La discussione su questa pratica è stata incentrata esclusivamente su un emendamento presentato ad entrambe le proposte da Giuseppe Cascini. L’emendamento era finalizzato ad aggiungere, nella comparazione con un altro candidato non destinatario di proposta, il dott. Liguori, anche un riferimento ad un recente provvedimento di archiviazione di una pratica di Prima Commissione approvato all’unanimità dal Plenum. La vicenda riguardava alcune conversazioni intercorse tra il dott. Liguori e il dott. Palamara, aventi ad oggetto una nomina ad incarico semidirettivo in un ufficio calabrese e nelle quali il dott. Liguori perorava con una certa insistenza la nomina di un candidato e, soprattutto, la esclusione di un altro candidato.
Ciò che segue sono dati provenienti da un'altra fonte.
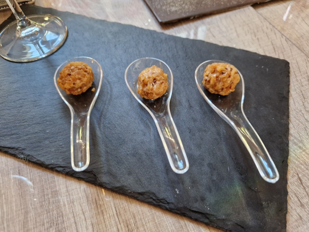 Que ens va il·lustrar dels temes que escoltaríem i veuríem en una pantalla durant el maridatge i la Gemma Torelló que ens va comentar el perquè de marinar els productes i excel·lents caves que provaríem amb cadascuna de les òperes que escoltaríem i veuríem en una pantalla que hi havia posada i que va ser com us indicarem :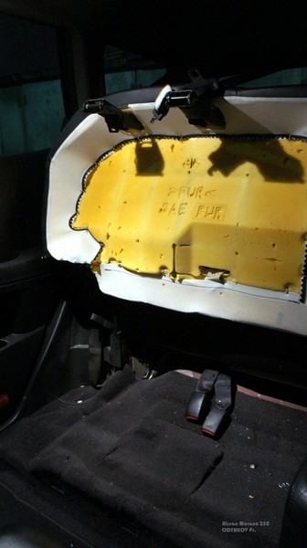 Снимаем заднее сидение. Топливная станция находится с левой стороны машины.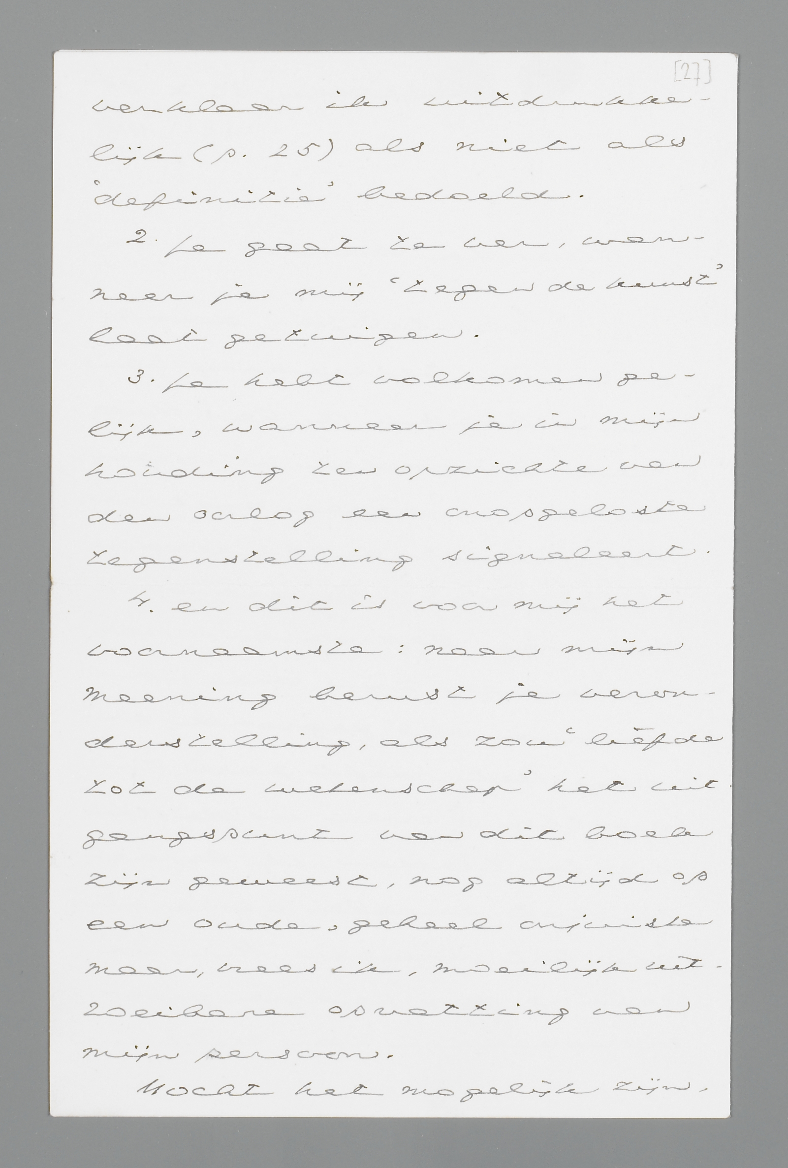 | 4. | en dit is voor mij het voornaamste: naar mijn meening berust je veronderstelling, als zou ‘liefde tot de wetenschap’ het uitgangspunt van dit boek zijn geweest, nog altijd op een oude, geheel onjuiste maar, vrees ik, moeilijk uitroeibare opvatting van mijn persoon. |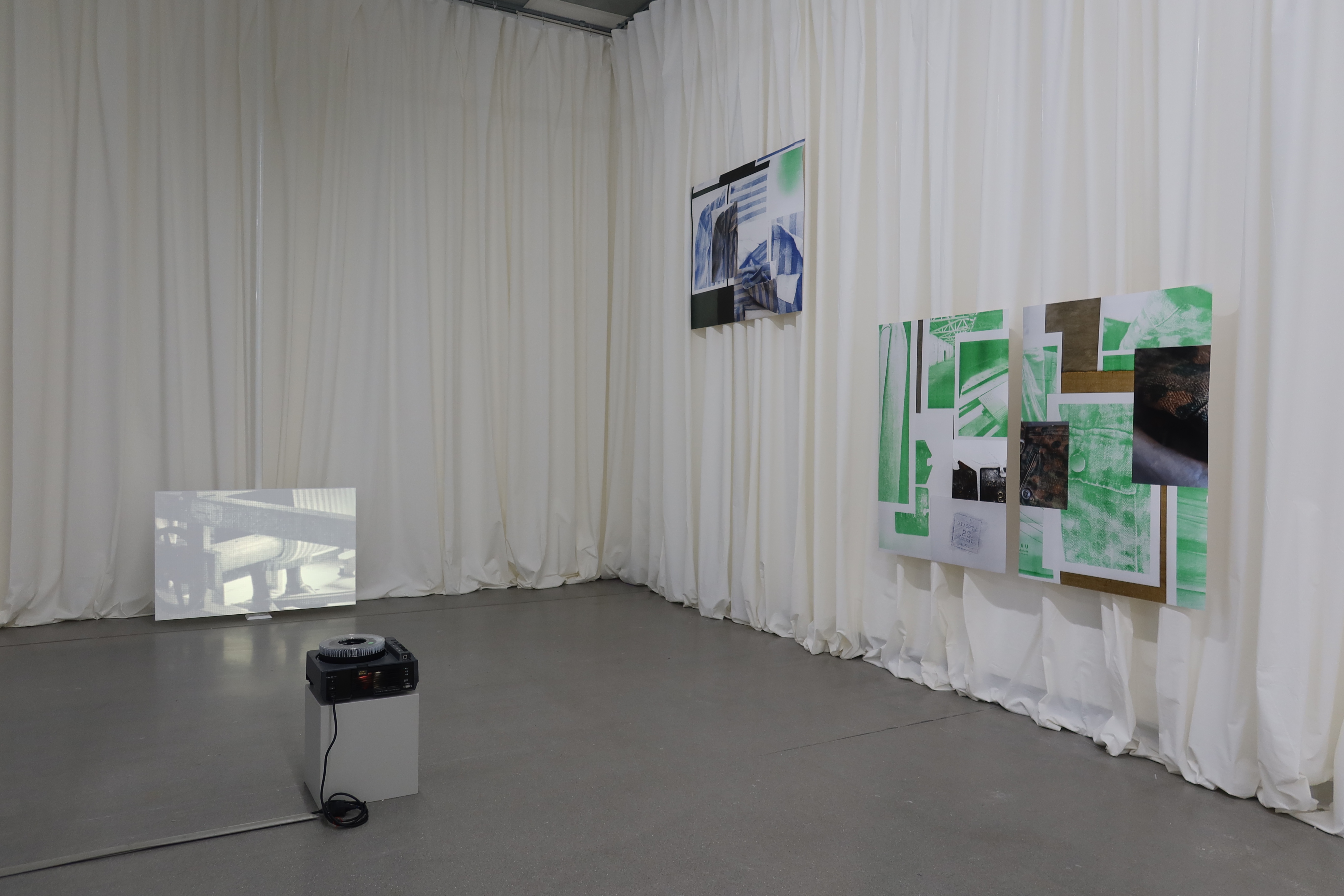 Designed as an overall installation, the exhibition presents both existing elements and new works. It includes textile and architectural installations that reference, among other things, a loom or courtroom, drawings, texts, slide and video projections, and historical documents. It also displays a selection of drawings and paintings by Violette Lecoq and Ceija Stojka, who were prisoners in Ravensbrück. Together, these elements form a multi-layered narrative about female perpetrators, enabling an empathic yet critical engagement with the subject.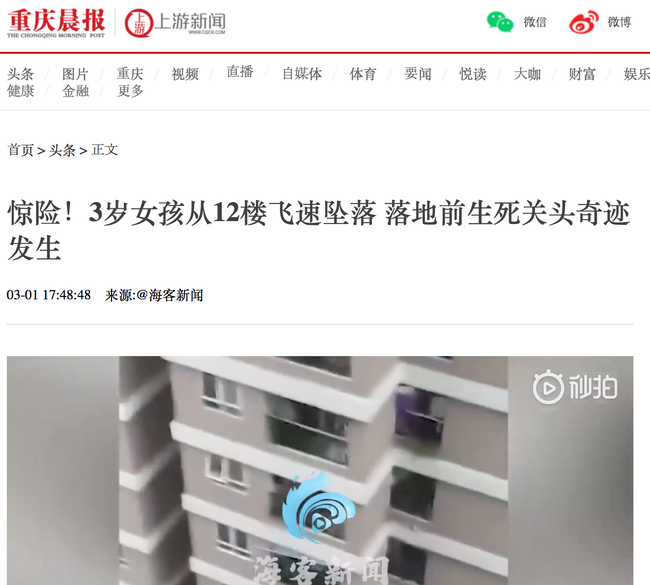 'Một sự việc giống như phim đã xảy ra tại Hà Nội, Việt Nam khi một người tài xế đi ngang qua đã cứu một em bé 3 tuổi bị rơi từ chung cư cao tầng xuống.

La delibera di archiviazione aveva escluso la rilevanza della condotta ai fini della eventuale apertura di una procedura di trasferimento di ufficio ex art 2 L.G. in ragione della distanza territoriale tra l’ufficio oggetto delle conversazioni e quello, posto in altro distretto, ove prestava servizio il dott. Liguori, aggiungendo, però, che restava “ferma la rilevanza deontologica della condotta del dott. Liguori”.

La proposta di emendamento era dunque finalizzata a sottolineare il peso, in negativo, nella procedura di valutazione comparativa della (affermata) rilevanza deontologica della condotta, che, a nostro avviso, incide (negativamente) nella complessiva valutazione della figura professionale del magistrato.

Il dibattito che ne è seguito è difficile da riassumere e probabilmente meriterebbe di essere ascoltato. Si è sostenuto che un componente della Commissione non può presentare un emendamento alla proposta che ha approvato in Commissione e tantomeno a quella che non ha votato.

Si è fatto riferimento ad un presunto accordo finalizzato ad escludere, per tutti i candidati, la valutazione delle vicende chiuse con archiviazione (disciplinari o di prima commissione).

La cons. Balduini ha quindi proposto il ritorno in Commissione della pratica al fine di valutare le eventuali vicende disciplinari (o para-disciplinari) di tutti i candidati.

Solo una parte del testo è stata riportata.